Supplied material.
__________________________________________________
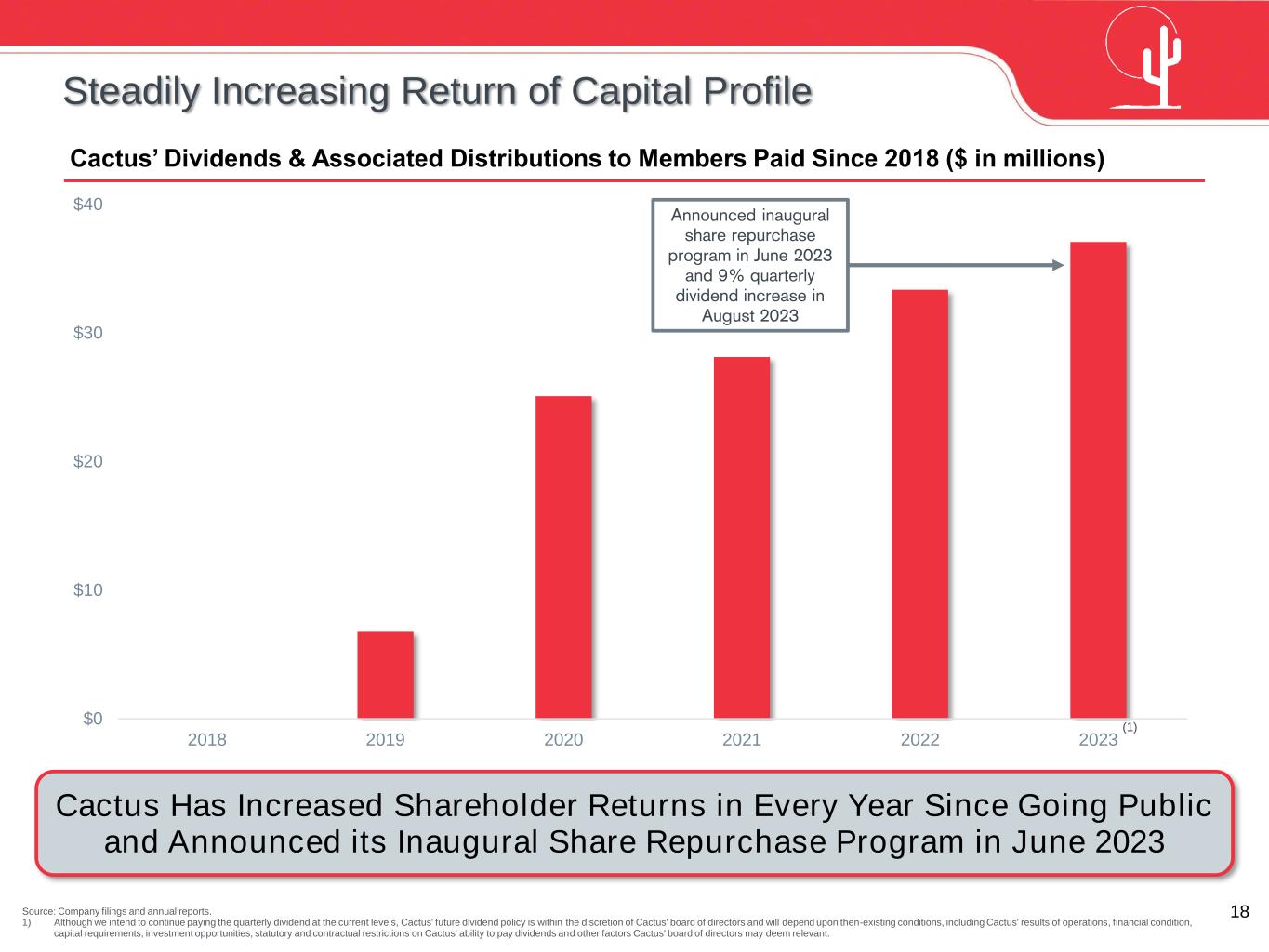17 171% (39%) WHD OSX Share Price Performance of Cactus vs. the OSX since IPO Note: Data based on share price performance from 2/7/2018 to 5/7/2024. Cactus 2/7/2018 price set as IPO price of $19 per share. Source: Factset Share Price Outperformed the OSX in 4 of 6 years since IPO Execution Has Driven Equity Outperformance 0%
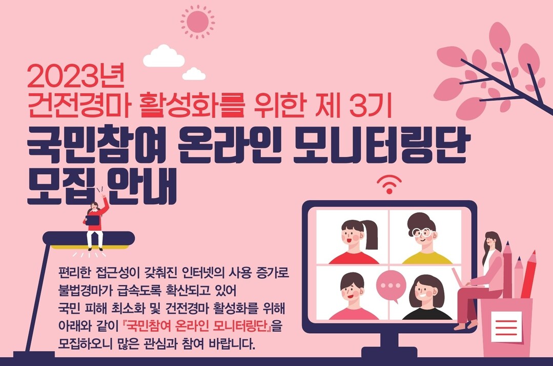 ‘국민참여 모니터링단’은 온라인상의 불법경마 사이트와 홍보물을 찾아내고, 신고를 통해 삭제하는 활동 등을 수행한다. 또 실적에 따라 소정의 포상금과 활동비를 받는다.
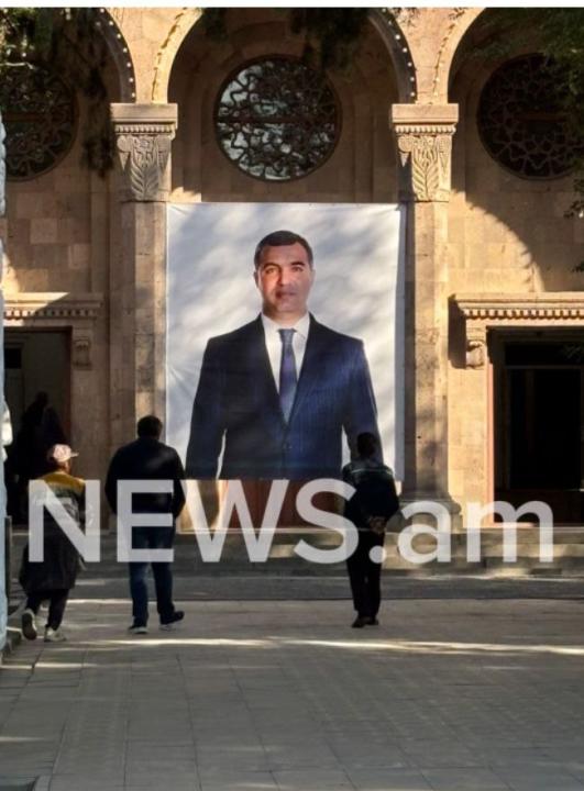 Վալոդյա Գրիգորյանի լուսանկարը փակցված է Փարաքարի մշակույթի տան վրա, իսկ կենտրոնական փողոցում սեւ ժապավեն է
__________________________________________________
What to work on. Transcribe the data exactly, minus any images.

Exercise output.
17 171% (39%) WHD OSX Share Price Performance of Cactus vs. the OSX since IPO Note: Data based on share price performance from 2/7/2018 to 5/7/2024. Cactus 2/7/2018 price set as IPO price of $19 per share. Source: Factset Share Price Outperformed the OSX in 4 of 6 years since IPO Execution Has Driven Equity Outperformance 0%
 ‘국민참여 모니터링단’은 온라인상의 불법경마 사이트와 홍보물을 찾아내고, 신고를 통해 삭제하는 활동 등을 수행한다. 또 실적에 따라 소정의 포상금과 활동비를 받는다.
 Վալոդյա Գրիգորյանի լուսանկարը փակցված է Փարաքարի մշակույթի տան վրա, իսկ կենտրոնական փողոցում սեւ ժապավեն է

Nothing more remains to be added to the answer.